## To do
Each record must be written out again exactly. Skip any picture it contains.
START Supplied information
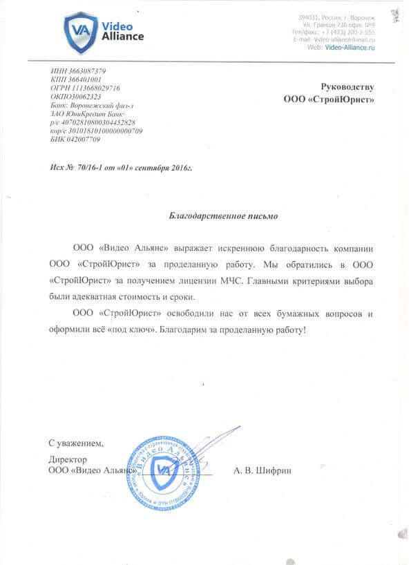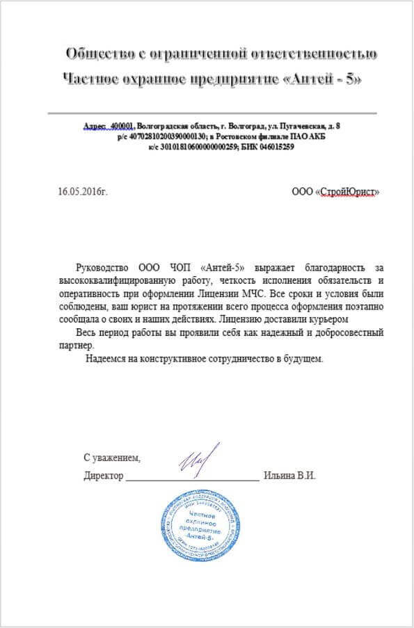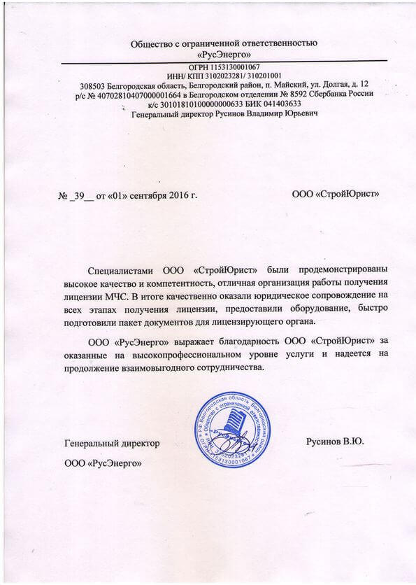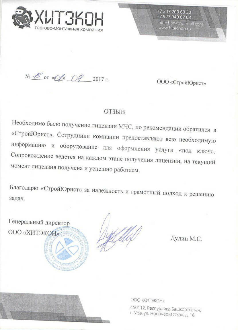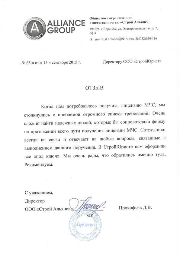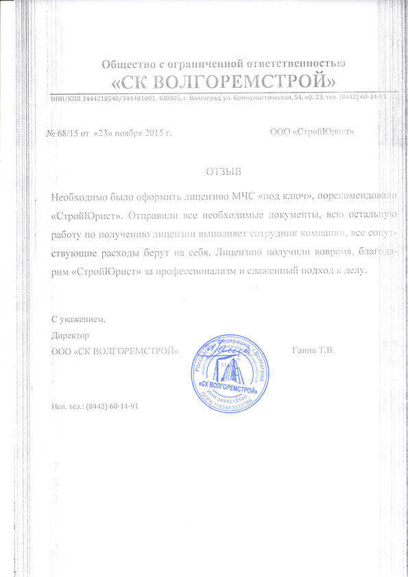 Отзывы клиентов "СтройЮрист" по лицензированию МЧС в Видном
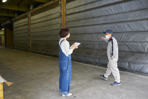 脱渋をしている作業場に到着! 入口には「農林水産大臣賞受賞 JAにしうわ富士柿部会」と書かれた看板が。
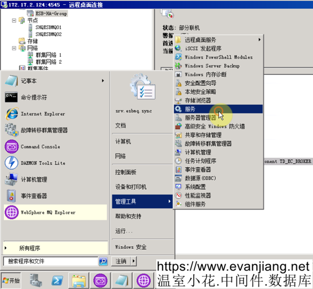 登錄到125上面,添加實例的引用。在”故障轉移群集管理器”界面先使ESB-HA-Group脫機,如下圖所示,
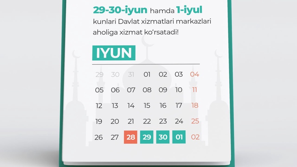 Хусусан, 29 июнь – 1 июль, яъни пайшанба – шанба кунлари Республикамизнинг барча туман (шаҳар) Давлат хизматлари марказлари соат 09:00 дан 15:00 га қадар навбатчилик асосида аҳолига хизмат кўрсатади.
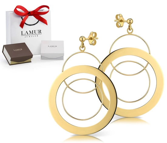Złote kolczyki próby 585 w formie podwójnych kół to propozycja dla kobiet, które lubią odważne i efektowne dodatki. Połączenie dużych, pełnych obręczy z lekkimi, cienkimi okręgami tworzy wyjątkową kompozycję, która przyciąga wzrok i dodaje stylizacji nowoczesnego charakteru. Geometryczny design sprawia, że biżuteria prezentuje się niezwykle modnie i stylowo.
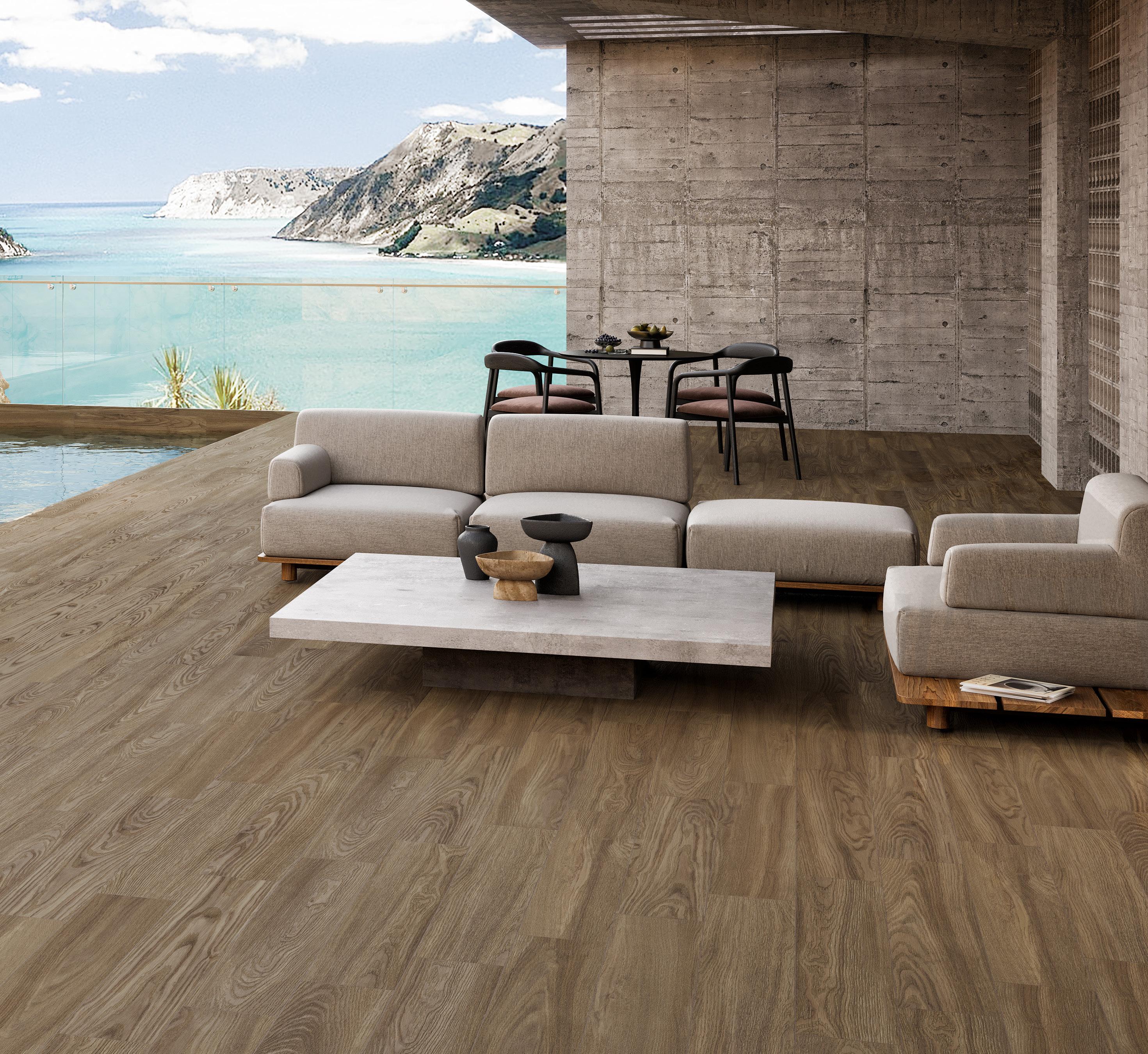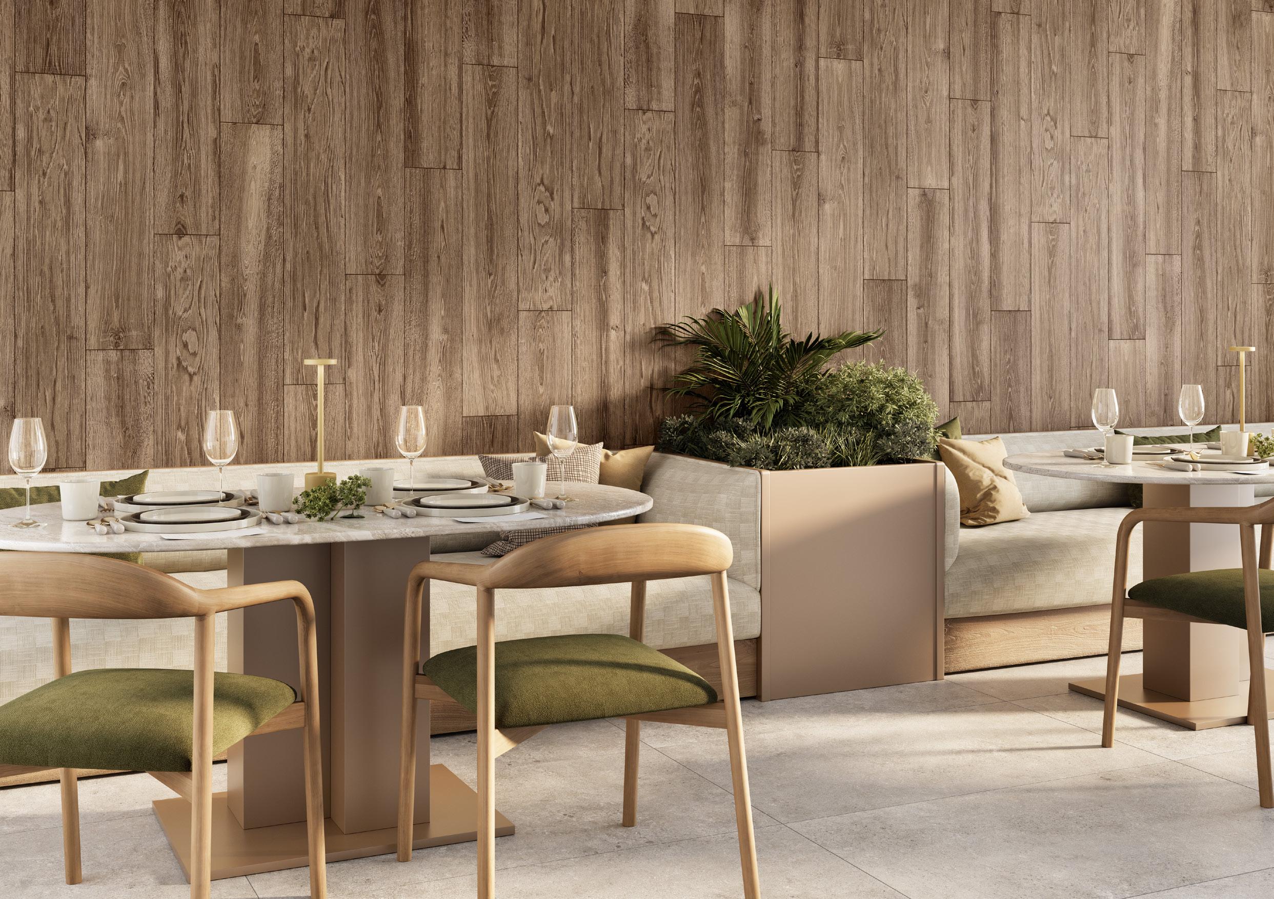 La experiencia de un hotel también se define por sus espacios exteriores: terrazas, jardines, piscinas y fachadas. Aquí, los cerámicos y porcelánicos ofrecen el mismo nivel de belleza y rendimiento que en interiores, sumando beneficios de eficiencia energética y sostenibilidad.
END Supplied information
## Task output
 Отзывы клиентов "СтройЮрист" по лицензированию МЧС в Видном
 脱渋をしている作業場に到着! 入口には「農林水産大臣賞受賞 JAにしうわ富士柿部会」と書かれた看板が。
 登錄到125上面,添加實例的引用。在”故障轉移群集管理器”界面先使ESB-HA-Group脫機,如下圖所示,
 Хусусан, 29 июнь – 1 июль, яъни пайшанба – шанба кунлари Республикамизнинг барча туман (шаҳар) Давлат хизматлари марказлари соат 09:00 дан 15:00 га қадар навбатчилик асосида аҳолига хизмат кўрсатади.
Złote kolczyki próby 585 w formie podwójnych kół to propozycja dla kobiet, które lubią odważne i efektowne dodatki. Połączenie dużych, pełnych obręczy z lekkimi, cienkimi okręgami tworzy wyjątkową kompozycję, która przyciąga wzrok i dodaje stylizacji nowoczesnego charakteru. Geometryczny design sprawia, że biżuteria prezentuje się niezwykle modnie i stylowo.
 La experiencia de un hotel también se define por sus espacios exteriores: terrazas, jardines, piscinas y fachadas. Aquí, los cerámicos y porcelánicos ofrecen el mismo nivel de belleza y rendimiento que en interiores, sumando beneficios de eficiencia energética y sostenibilidad.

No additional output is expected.